#### Task brief:
Copy out precisely the lines from the start of the data through the line with "次にタイダンスをしました。タ", and keep pictures out of it.

#### Source information:
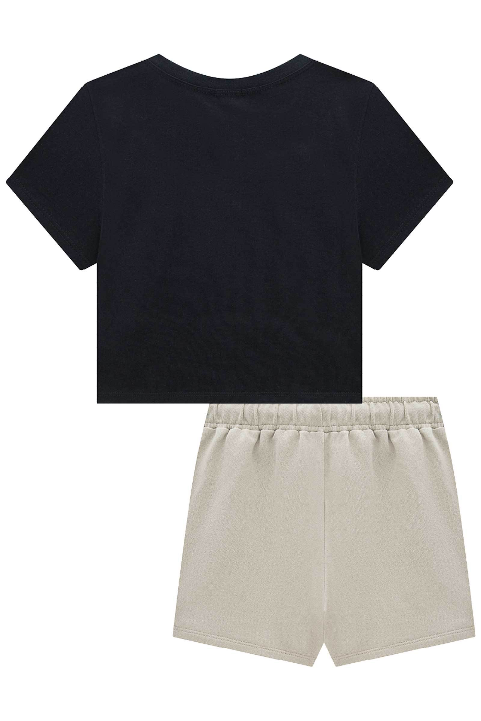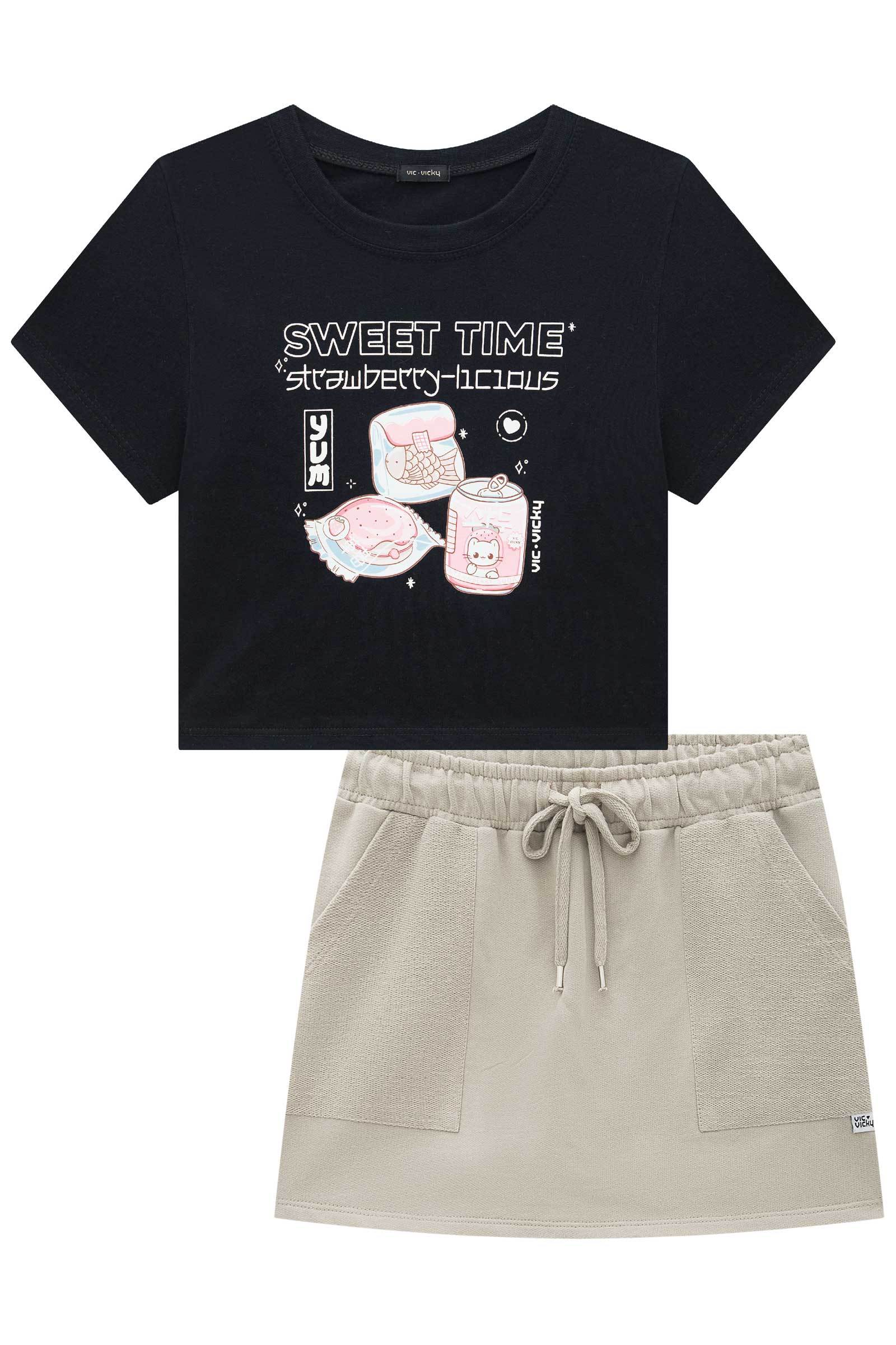 Composto por blusa boxy em meia malha preta e short saia em moletom sem pelúcia, o modelo traz um visual moderno, fofo e cheio de personalidade.
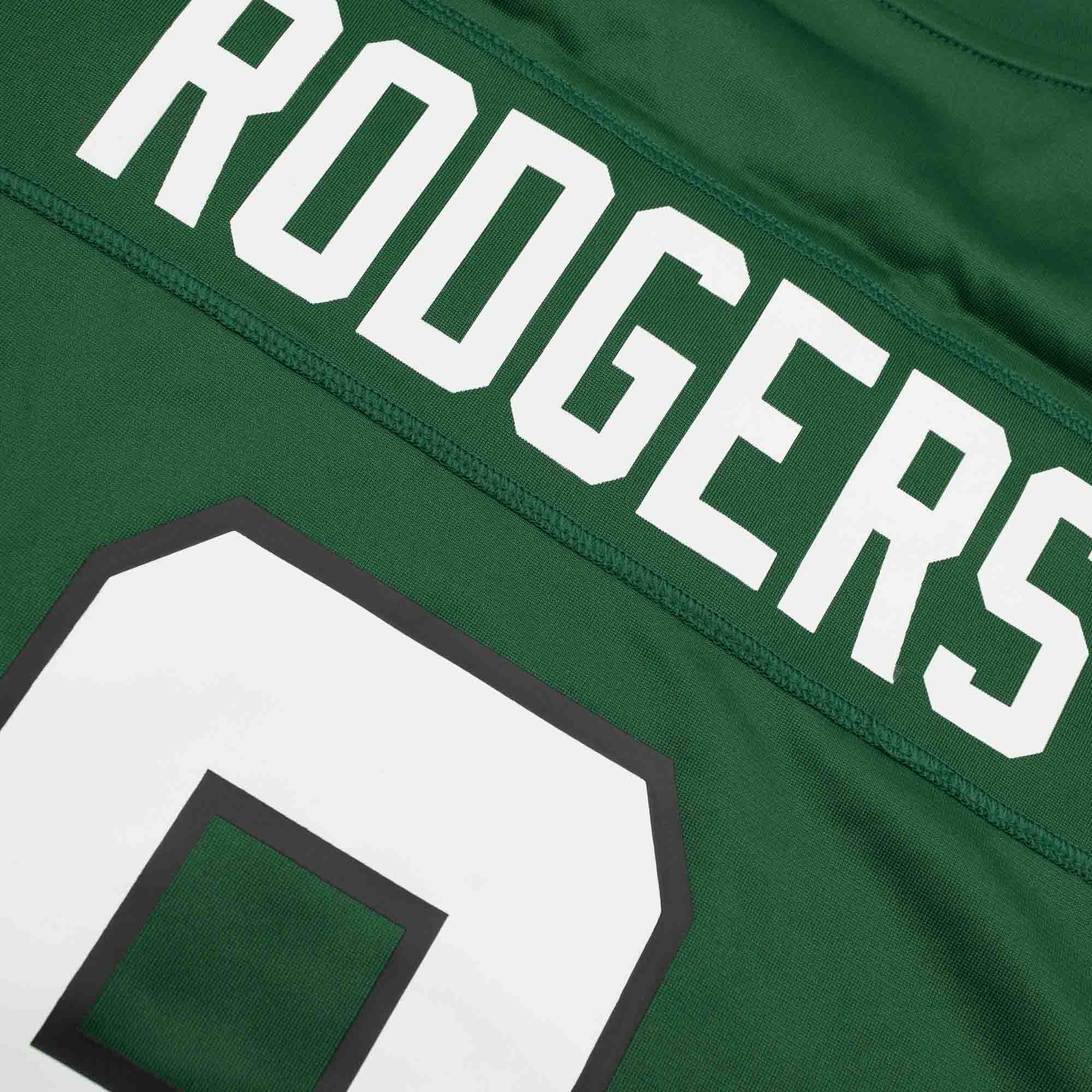 Nike Men's NFL Green Game American Football Jersey from New York Jets Quarterback Aaron Rodgers.
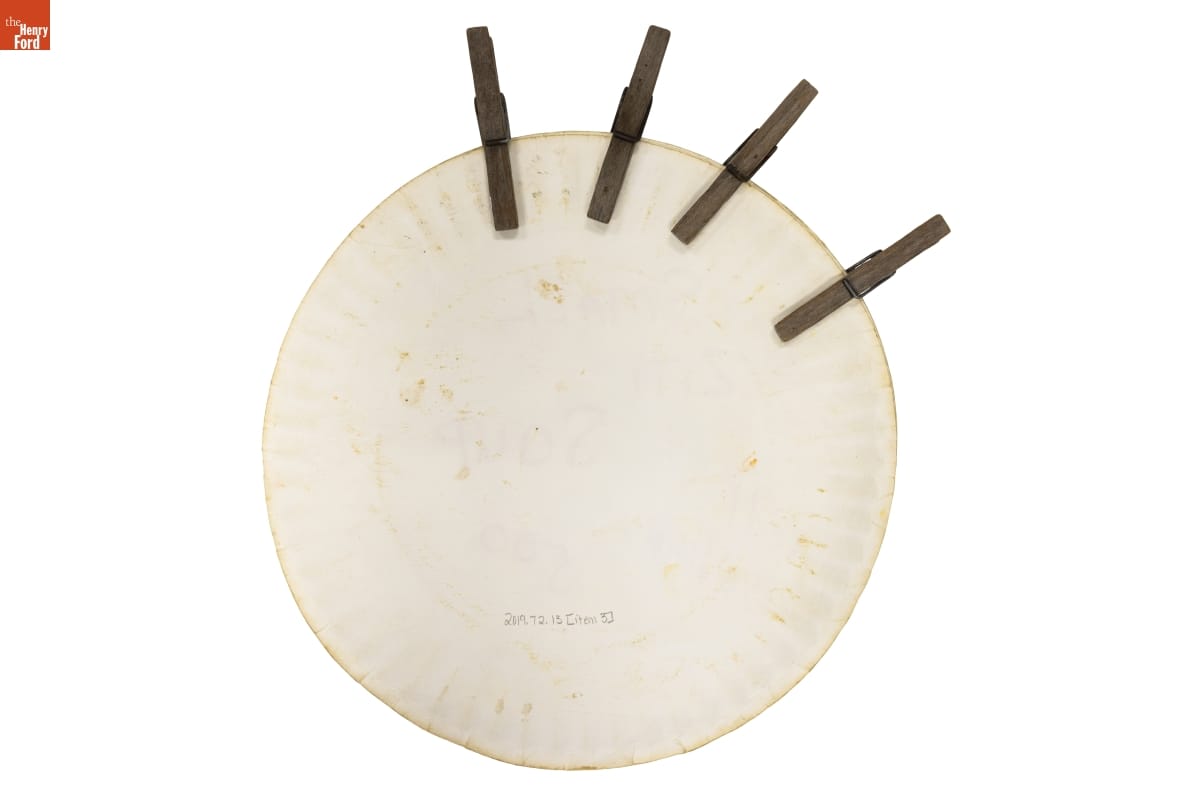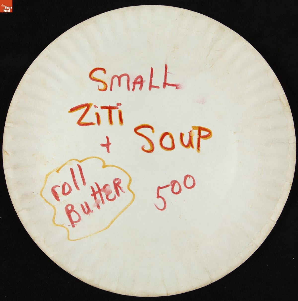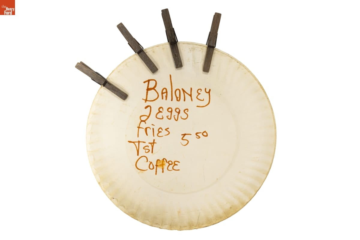 This item comes from the collection of Richard J. S. Gutman, the leading expert on American diners, which was amassed in the course of a thesis, then four books, numerous articles, exhibitions, restorations, and other consulting projects. These handwritten, paper-plate, clothespin-hung menus were a signature trademark of Buddy's Truck Stop (Diner), Somerville, Massachusetts.
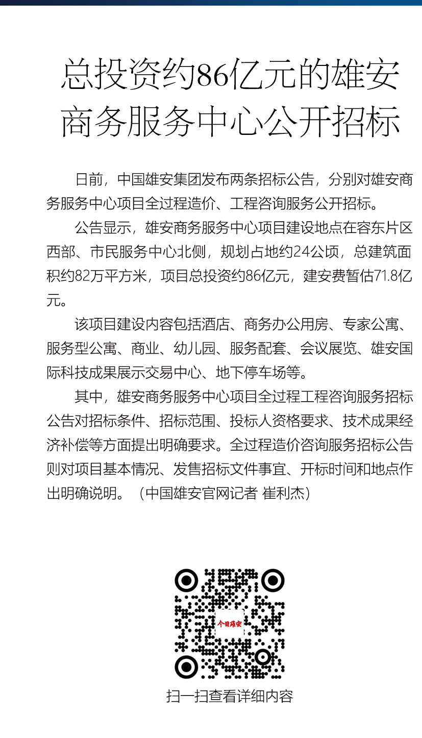 日前,中国雄安集团发布两条招标公告,分别对雄安商务服务中心项目全过程造价、工程咨询服务公开招标。
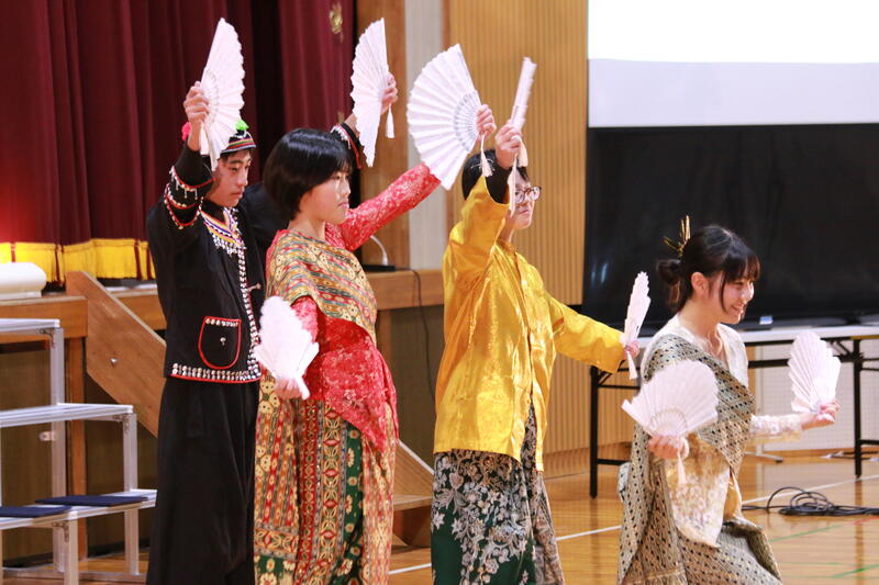次にタイダンスをしました。タイの南の方のダンスです。独特なステップに混乱しながらも、真剣な眼差しで踊っていました。22日にタイダンスの発表があります。
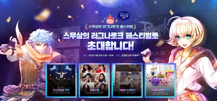 ... 행사장에서는 다양한 이벤트와 즐길 거리로 유저들을 맞이하며 라그나로크 포탈 이펙트, 조형물 전시, 라그나로크 BGM 라이브 연주 등을 통해 유저들이 입장과 동시에 라그나로크 게임 속에 들어온 것 같은 느낌을 받을 수 있을 것으로 예상한다. 라그나로크 20주년 기념 행사는
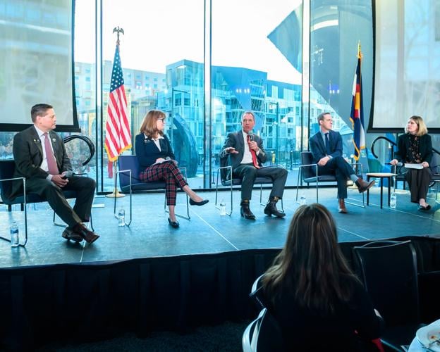 Colorado legislative leaders on a panel discussion for the Denver Metro Chamber of Commerce's Business Legislative Preview Tuesday at the Denver Art Museum. From left: House Minority Leader Mike Lynch, R-Wellington; House Speaker Julie McCluskie, D-Dillon; Senate Minority Leader Paul Lundeen, R-Monument; Senate President Steve Fenberg, D-Boulder; and moderator Bente Birkeland, CPR News.

#### Exercise result:
 Composto por blusa boxy em meia malha preta e short saia em moletom sem pelúcia, o modelo traz um visual moderno, fofo e cheio de personalidade.
 Nike Men's NFL Green Game American Football Jersey from New York Jets Quarterback Aaron Rodgers.
 This item comes from the collection of Richard J. S. Gutman, the leading expert on American diners, which was amassed in the course of a thesis, then four books, numerous articles, exhibitions, restorations, and other consulting projects. These handwritten, paper-plate, clothespin-hung menus were a signature trademark of Buddy's Truck Stop (Diner), Somerville, Massachusetts.
 日前,中国雄安集团发布两条招标公告,分别对雄安商务服务中心项目全过程造价、工程咨询服务公开招标。
次にタイダンスをしました。タイの南の方のダンスです。独特なステップに混乱しながらも、真剣な眼差しで踊っていました。22日にタイダンスの発表があります。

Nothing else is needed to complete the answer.